> **WHAT IS EXPECTED**
Where a picture occurs in the data, omit it, and copy all remaining data exactly.

> **DATASET EXCERPT**
-- -- --
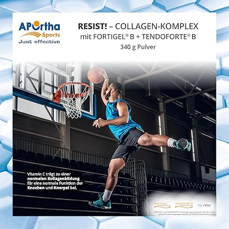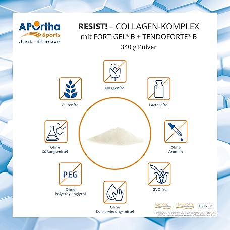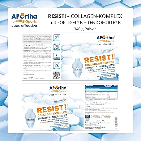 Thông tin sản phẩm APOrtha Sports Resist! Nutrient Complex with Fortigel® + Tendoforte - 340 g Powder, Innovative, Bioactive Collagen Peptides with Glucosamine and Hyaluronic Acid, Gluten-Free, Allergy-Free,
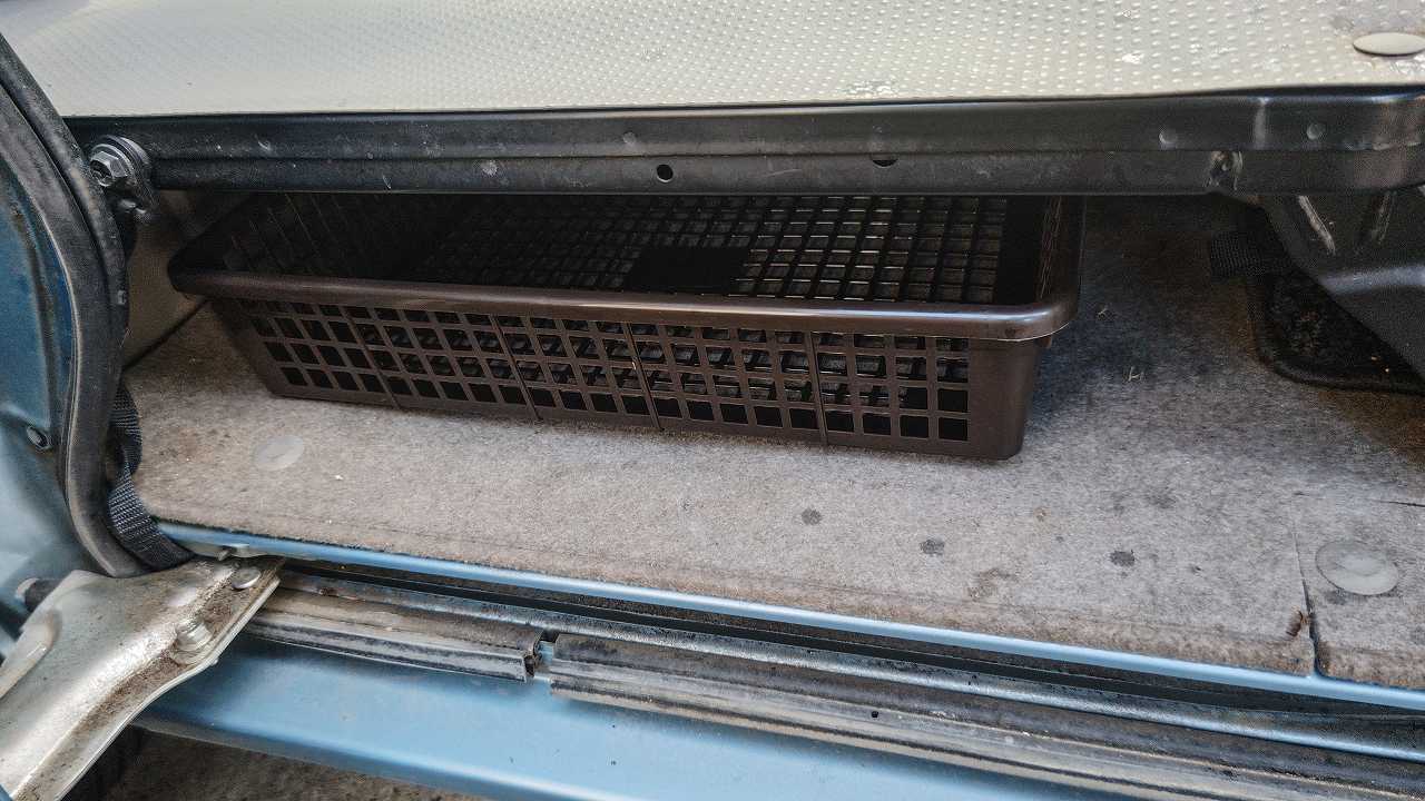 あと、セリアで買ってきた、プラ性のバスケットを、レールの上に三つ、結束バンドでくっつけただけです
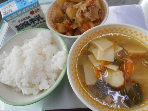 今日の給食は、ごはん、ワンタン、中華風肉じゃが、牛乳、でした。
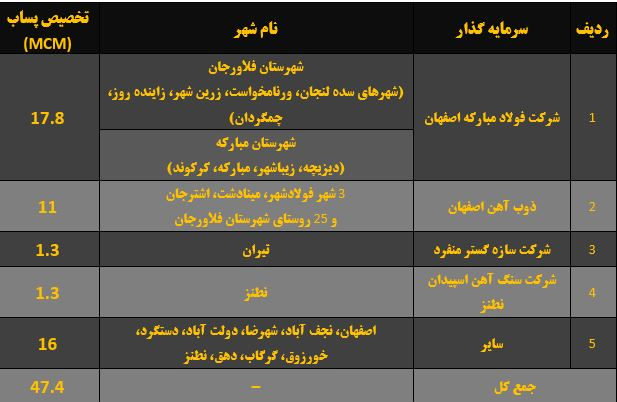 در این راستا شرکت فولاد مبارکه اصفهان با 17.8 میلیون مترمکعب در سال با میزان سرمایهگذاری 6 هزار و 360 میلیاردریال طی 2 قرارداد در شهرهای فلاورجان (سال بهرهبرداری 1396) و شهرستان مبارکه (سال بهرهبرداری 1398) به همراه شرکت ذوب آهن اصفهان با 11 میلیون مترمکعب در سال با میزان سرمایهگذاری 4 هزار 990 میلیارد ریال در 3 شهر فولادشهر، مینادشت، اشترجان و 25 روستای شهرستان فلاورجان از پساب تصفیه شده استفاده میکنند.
-- -- --
> **RESPONSE AREA**
 Thông tin sản phẩm APOrtha Sports Resist! Nutrient Complex with Fortigel® + Tendoforte - 340 g Powder, Innovative, Bioactive Collagen Peptides with Glucosamine and Hyaluronic Acid, Gluten-Free, Allergy-Free,
 あと、セリアで買ってきた、プラ性のバスケットを、レールの上に三つ、結束バンドでくっつけただけです
 今日の給食は、ごはん、ワンタン、中華風肉じゃが、牛乳、でした。
 در این راستا شرکت فولاد مبارکه اصفهان با 17.8 میلیون مترمکعب در سال با میزان سرمایهگذاری 6 هزار و 360 میلیاردریال طی 2 قرارداد در شهرهای فلاورجان (سال بهرهبرداری 1396) و شهرستان مبارکه (سال بهرهبرداری 1398) به همراه شرکت ذوب آهن اصفهان با 11 میلیون مترمکعب در سال با میزان سرمایهگذاری 4 هزار 990 میلیارد ریال در 3 شهر فولادشهر، مینادشت، اشترجان و 25 روستای شهرستان فلاورجان از پساب تصفیه شده استفاده میکنند.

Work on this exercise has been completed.